*** Opening The input ***

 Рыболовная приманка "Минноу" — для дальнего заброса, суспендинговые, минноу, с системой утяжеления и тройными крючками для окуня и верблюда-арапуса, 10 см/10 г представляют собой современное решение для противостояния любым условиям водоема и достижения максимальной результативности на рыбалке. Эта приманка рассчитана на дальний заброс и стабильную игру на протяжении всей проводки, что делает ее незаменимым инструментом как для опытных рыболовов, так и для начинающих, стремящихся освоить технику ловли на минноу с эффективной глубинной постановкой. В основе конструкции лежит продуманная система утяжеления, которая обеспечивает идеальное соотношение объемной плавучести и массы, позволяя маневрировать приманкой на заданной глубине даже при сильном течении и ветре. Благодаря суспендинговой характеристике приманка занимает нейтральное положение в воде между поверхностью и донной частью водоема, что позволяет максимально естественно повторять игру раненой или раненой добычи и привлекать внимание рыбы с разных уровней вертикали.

*** Closing The input ***
*** Opening The input ***

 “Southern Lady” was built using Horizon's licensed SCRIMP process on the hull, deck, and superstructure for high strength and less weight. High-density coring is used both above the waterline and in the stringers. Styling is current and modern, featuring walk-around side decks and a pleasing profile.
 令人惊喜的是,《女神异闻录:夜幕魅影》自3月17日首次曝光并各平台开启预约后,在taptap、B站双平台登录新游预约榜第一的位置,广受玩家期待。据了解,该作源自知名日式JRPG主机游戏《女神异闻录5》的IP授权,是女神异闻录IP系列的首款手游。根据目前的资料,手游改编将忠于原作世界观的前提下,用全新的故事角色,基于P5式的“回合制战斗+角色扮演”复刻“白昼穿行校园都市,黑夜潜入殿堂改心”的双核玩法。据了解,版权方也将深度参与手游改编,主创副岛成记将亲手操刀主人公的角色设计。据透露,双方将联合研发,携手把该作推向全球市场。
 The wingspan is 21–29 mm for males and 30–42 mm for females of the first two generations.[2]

*** Closing The input ***

*Problem description*
Please reproduce the lines from the line with "令人惊喜的是,《女神异闻录:夜幕魅影》自" to the line with "The wingspan is", both ends included, exactly as they appear above.

*Response below*
 令人惊喜的是,《女神异闻录:夜幕魅影》自3月17日首次曝光并各平台开启预约后,在taptap、B站双平台登录新游预约榜第一的位置,广受玩家期待。据了解,该作源自知名日式JRPG主机游戏《女神异闻录5》的IP授权,是女神异闻录IP系列的首款手游。根据目前的资料,手游改编将忠于原作世界观的前提下,用全新的故事角色,基于P5式的“回合制战斗+角色扮演”复刻“白昼穿行校园都市,黑夜潜入殿堂改心”的双核玩法。据了解,版权方也将深度参与手游改编,主创副岛成记将亲手操刀主人公的角色设计。据透露,双方将联合研发,携手把该作推向全球市场。
 The wingspan is 21–29 mm for males and 30–42 mm for females of the first two generations.[2]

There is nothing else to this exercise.